On Singing, Gia Margaret returns to vocal songwriting after years of ambient and instrumental work, a shift shaped by a period where a vocal injury temporarily forced her away from singing. That history shows up in the record’s structure: built from layers, repetition, and small sonic details rather than linear song development. Her voice is close-mic’d and often blended into the mix, so it sits within the instrumentation instead of sitting above it. “Everyone Around Me Is Dancing” uses fractured piano, IDM-style rhythmic accents, and short brass hits that cut through the texture. “Alive Inside” is more minimal, centered on harp, sustained tones, and a vocal line that appears and recedes rather than staying fixed. “Good Friend” brings together tabla percussion, turntable scratches, and Gregorian chant in a deliberately uneven mix of elements. “Moon Not Mine” stays loose and lightly structured, while “Rotten” cycles vocal fragments over a steady harmonic loop before closing with a spoken-word Italian language sample. Across the album, lyrics come in fragments and repetitions, while the production focuses on texture, space, and subtle variation over traditional build or payoff. The result is a record that translates ambient methods into song form, but still favors fragmentary construction over conventional structure.
— Piper Turri
Eaves Wilder – Little Miss Sunshine
Genre: Indie Pop
Release: Album
Recommended Tracks: “Hurricane Girl,” “English Tea,” “Summer Rolls”

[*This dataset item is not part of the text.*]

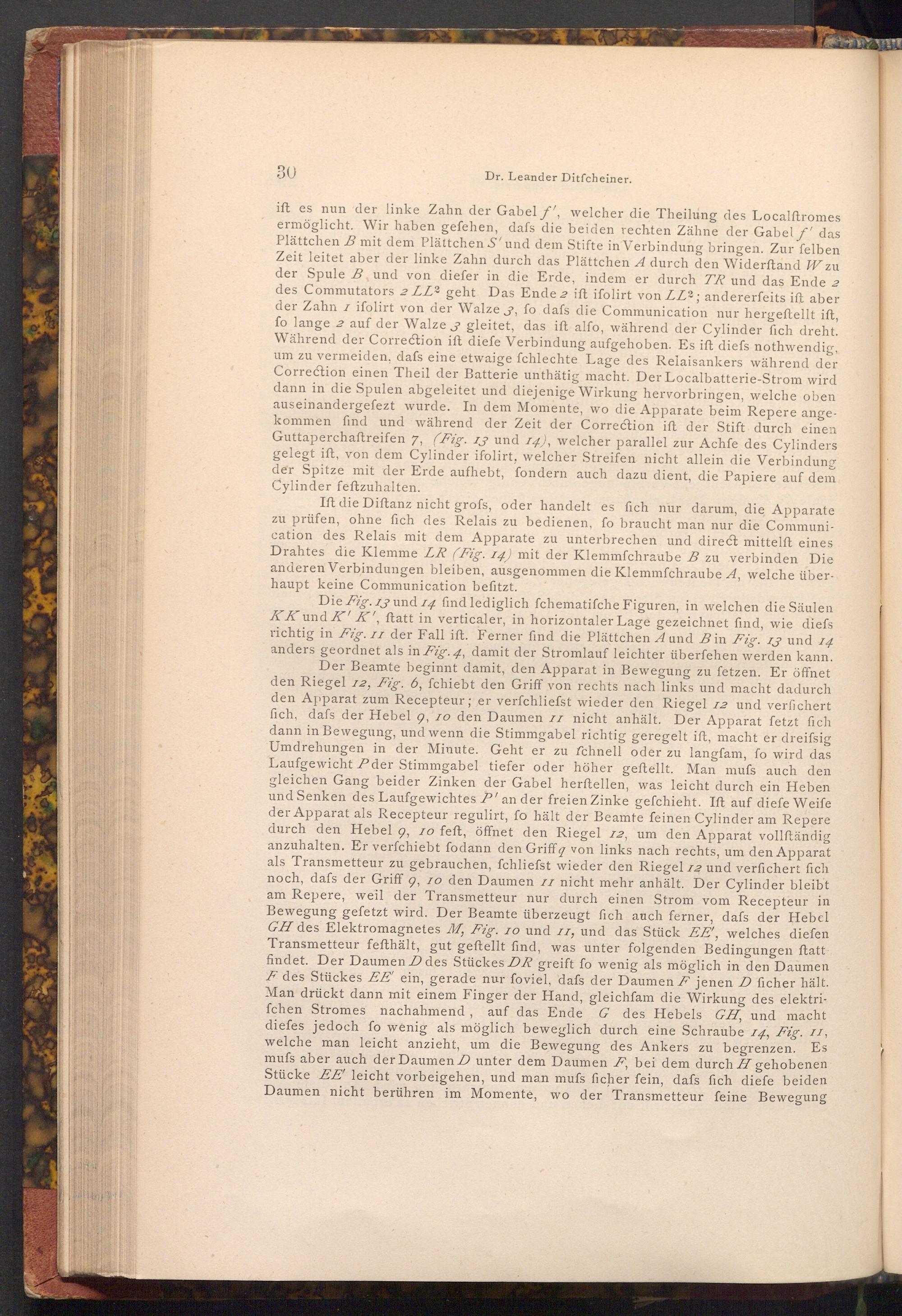 ift es nun der linke Zahn der Gabel f', welcher die Theilung des Localftromes ermöglicht. Wir haben gefehen, dafs die beiden rechten Zähne der Gabel f' das Plättchen B mit dem Plättchen S' und dem Stifte in Verbindung bringen. Zur felben Zeit leitet aber der linke Zahn durch das Plättchen A durch den Widerftand W zu der Spule B, und von diefer in die Erde, indem er durch TR und das Ende 2 des Commutators 2 LL2 geht Das Ende 2 ift ifolirt von LL2; andererfeits ift aber der Zahn ifolirt von der Walze 3, fo dafs die Communication nur hergestellt ist, fo lange 2 auf der Walze 3 gleitet, das ift alfo, während der Cylinder fich dreht. Während der Correction ift diefe Verbindung aufgehoben. Es ift diefs nothwendig, um zu vermeiden, dafs eine etwaige fchlechte Lage des Relaisankers während der Correction einen Theil der Batterie unthätig macht. Der Localbatterie- Strom wird dann in die Spulen abgeleitet und diejenige Wirkung hervorbringen, welche oben auseinandergefezt wurde. In dem Momente, wo die Apparate beim Repere angekommen find und während der Zeit der Correction ift der Stift durch einen Guttaperchaftreifen 7,( Fig. 13 und 14), welcher parallel zur Achfe des Cylinders gelegt ift, von dem Cylinder ifolirt, welcher Streifen nicht allein die Verbindung der Spitze mit der Erde aufhebt, fondern auch dazu dient, die Papiere auf dem Cylinder feftzuhalten.

Little Miss Sunshine opens an audience to an introspective look into Eaves Wilder’s mind’s eye. The enthralling cadence of the UK artist’s voice is beyond melodic, as tracks progress from an ethereal song that would be part of the score in “The Virgin Suicides” into a medley of the opening credits for a late 90s-early 2000s off-beat—and semi-intense—teen film. Each track, embodying a specific aspect of heartbreak, restlessness, and desire for change creates for a hypnotic listen.
— Sophia Sciulli
Miss Grit – Under My Umbrella
Genre: Synth-Pop
Release: Album
Recommended Tracks: “Won’t Count On You,” “Where is My Head,” “Overflow,”
While listening to this album, “Cats in the Cradle” by Harry Chapin was playing in the background (at the radio station). Definitely a contrast between the 70s soft rock and the twenty-first century techno-pop, reaffirmed my appreciation for slower tunes. While I can see the appeal in clubbing or maybe running to Miss Grit’s new album, the tracks were overall quite stressful to listen to in a casual setting. Additionally, while the album artistry is nowhere near the most important component of one’s listening experience, their cover was quite unsettling to look at as I was reminded of the girl from the movie “The Ring.” There were a few songs worth listening to if one was tripping on acid at the stroke of midnight in Jersey City. While an oddly specific description, that is exactly on Under My Umbrella makes me feel. I probably sound like a broken record, and a seventy-year-old, but what can I say I have never been a fan of the music that makes me feel like a depressed computer system.